Report every line of the data where the string "area" appears.

▼

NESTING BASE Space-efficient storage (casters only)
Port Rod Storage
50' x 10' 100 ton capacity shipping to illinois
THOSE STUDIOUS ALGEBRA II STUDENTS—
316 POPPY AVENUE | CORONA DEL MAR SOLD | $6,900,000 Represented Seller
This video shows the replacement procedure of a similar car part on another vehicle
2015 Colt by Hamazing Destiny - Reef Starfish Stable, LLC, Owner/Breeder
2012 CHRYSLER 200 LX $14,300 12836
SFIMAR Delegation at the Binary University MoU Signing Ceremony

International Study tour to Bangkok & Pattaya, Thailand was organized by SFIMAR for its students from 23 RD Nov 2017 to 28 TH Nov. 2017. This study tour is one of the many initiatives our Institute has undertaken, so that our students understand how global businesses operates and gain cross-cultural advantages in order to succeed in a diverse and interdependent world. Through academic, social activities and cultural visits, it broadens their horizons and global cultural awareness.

▲
▼

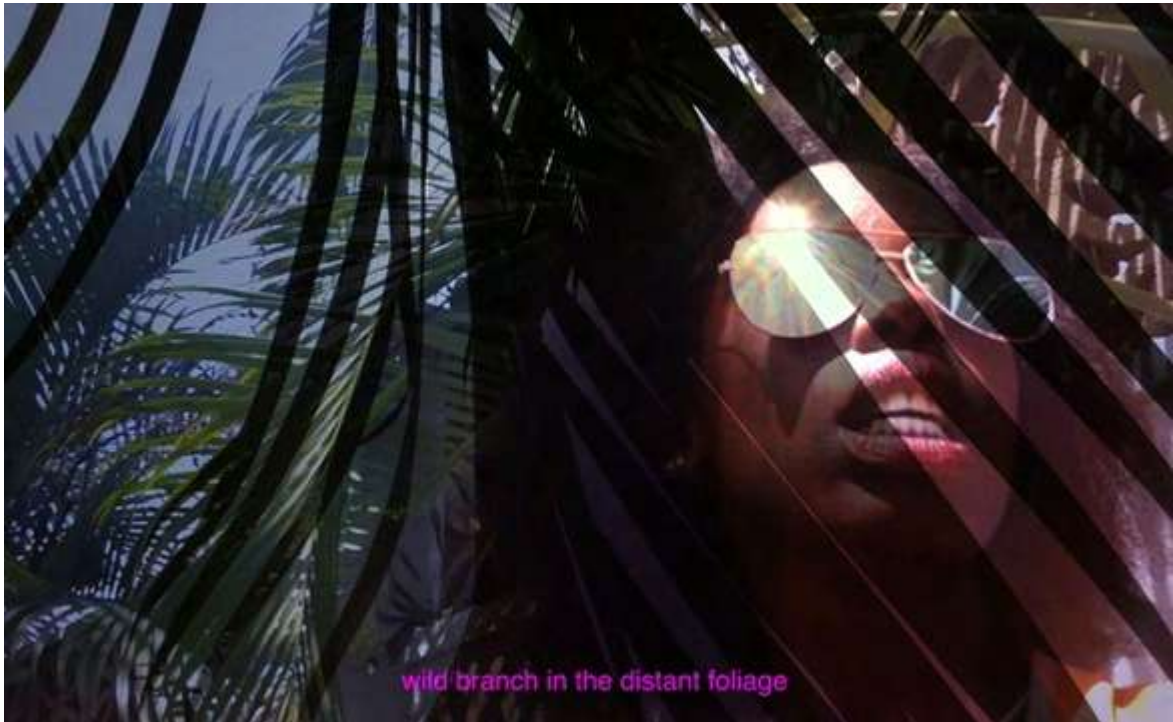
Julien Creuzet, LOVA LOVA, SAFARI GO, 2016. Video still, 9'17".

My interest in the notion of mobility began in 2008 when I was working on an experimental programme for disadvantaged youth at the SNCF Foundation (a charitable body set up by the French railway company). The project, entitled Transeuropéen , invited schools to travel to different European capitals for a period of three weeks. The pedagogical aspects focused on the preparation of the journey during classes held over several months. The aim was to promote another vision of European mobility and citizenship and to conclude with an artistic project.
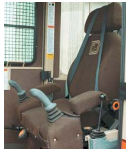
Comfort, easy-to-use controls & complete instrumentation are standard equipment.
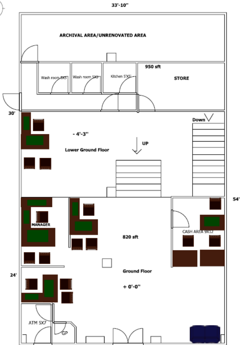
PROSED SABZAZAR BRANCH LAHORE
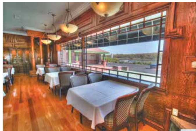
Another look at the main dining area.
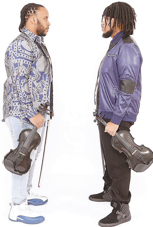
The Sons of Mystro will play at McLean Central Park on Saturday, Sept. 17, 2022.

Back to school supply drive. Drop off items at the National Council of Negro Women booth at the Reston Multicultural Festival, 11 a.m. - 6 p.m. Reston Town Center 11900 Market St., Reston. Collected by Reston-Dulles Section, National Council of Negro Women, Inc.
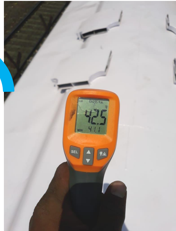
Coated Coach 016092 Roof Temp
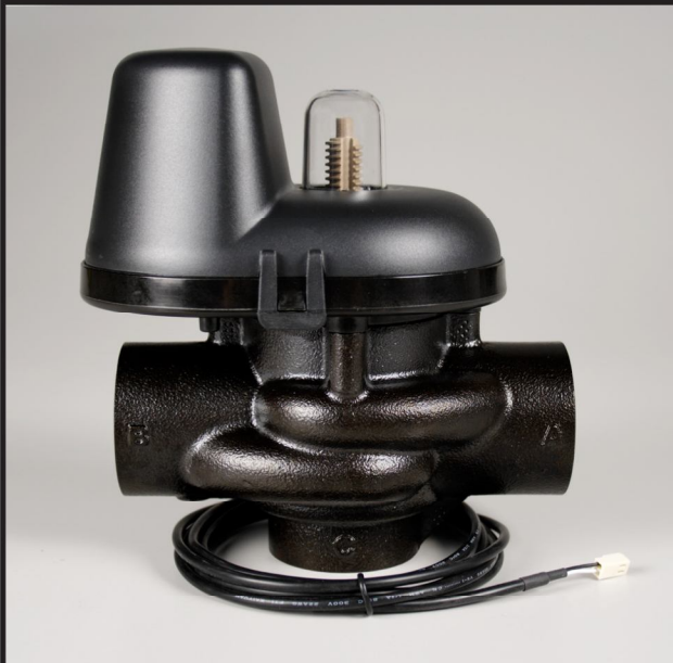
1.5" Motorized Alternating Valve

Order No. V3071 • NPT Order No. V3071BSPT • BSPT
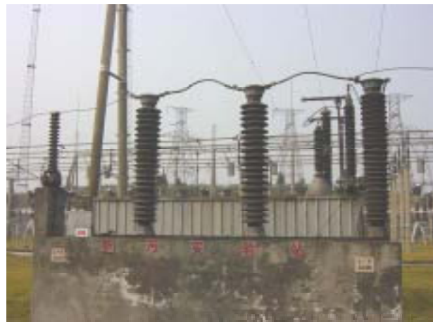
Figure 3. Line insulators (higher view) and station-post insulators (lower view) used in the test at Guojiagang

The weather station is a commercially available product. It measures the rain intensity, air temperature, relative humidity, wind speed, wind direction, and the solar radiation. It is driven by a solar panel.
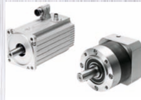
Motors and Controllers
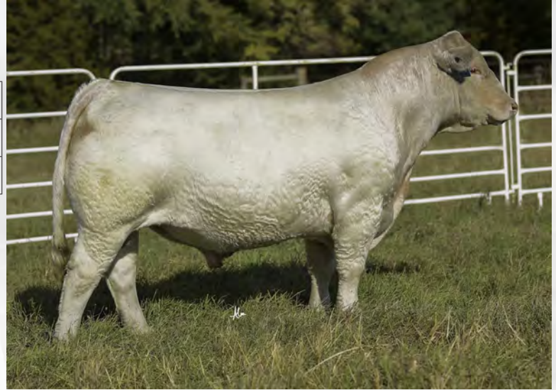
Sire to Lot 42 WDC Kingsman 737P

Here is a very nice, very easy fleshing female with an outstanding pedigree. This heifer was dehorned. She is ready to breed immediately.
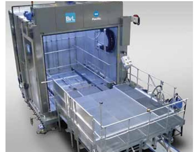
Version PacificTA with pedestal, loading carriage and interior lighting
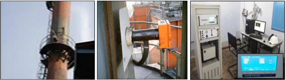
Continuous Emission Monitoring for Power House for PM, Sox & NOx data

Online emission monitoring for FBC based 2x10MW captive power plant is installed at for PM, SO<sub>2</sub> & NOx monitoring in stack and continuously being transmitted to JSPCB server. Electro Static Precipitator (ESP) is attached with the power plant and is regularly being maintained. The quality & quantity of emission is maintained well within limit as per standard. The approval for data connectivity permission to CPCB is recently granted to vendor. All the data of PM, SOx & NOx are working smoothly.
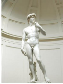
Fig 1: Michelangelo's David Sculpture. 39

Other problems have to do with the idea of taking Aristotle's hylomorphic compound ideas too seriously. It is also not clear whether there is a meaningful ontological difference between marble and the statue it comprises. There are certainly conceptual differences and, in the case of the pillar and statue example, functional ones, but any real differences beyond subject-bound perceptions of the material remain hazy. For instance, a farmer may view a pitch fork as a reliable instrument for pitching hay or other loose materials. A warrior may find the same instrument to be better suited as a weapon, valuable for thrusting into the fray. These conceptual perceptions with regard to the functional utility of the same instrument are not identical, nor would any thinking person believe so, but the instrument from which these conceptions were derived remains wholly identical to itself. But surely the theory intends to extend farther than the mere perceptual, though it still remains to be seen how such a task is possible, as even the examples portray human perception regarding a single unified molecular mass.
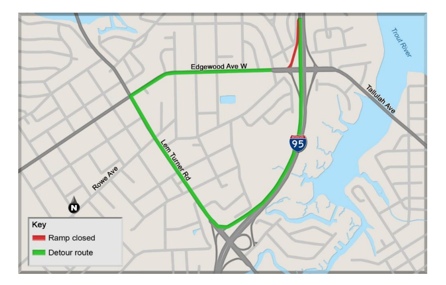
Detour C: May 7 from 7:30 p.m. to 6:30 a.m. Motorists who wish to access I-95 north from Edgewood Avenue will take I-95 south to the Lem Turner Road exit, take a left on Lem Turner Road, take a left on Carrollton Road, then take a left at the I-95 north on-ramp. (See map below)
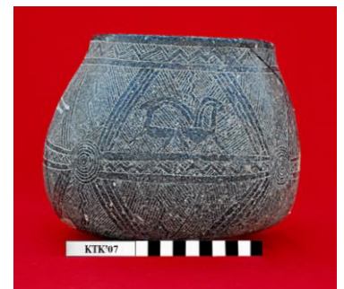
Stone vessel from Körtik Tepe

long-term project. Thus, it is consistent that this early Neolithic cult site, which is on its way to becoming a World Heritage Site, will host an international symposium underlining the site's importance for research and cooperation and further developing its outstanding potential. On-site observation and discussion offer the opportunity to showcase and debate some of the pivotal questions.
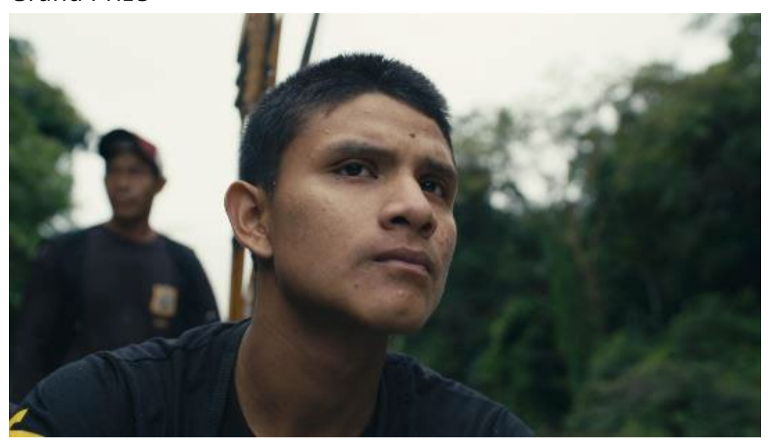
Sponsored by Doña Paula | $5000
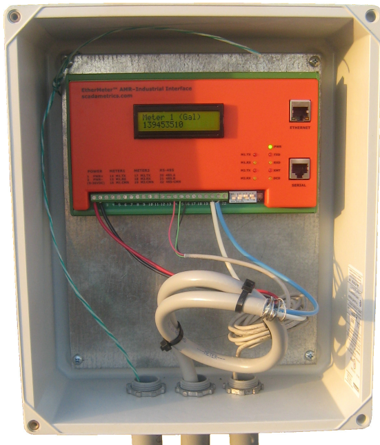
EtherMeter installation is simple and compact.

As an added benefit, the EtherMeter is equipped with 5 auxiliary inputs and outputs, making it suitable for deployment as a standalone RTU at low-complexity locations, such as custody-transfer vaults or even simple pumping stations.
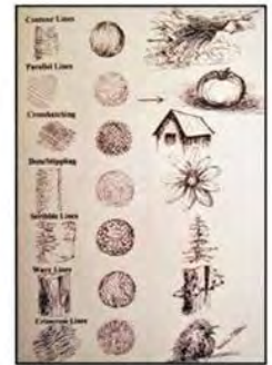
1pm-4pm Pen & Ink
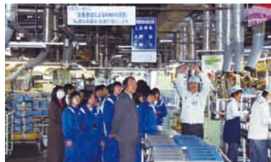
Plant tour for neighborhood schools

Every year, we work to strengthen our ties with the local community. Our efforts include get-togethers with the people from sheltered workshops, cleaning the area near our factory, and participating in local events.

▲

_Task output_.
Another look at the main dining area.
Every year, we work to strengthen our ties with the local community. Our efforts include get-togethers with the people from sheltered workshops, cleaning the area near our factory, and participating in local events.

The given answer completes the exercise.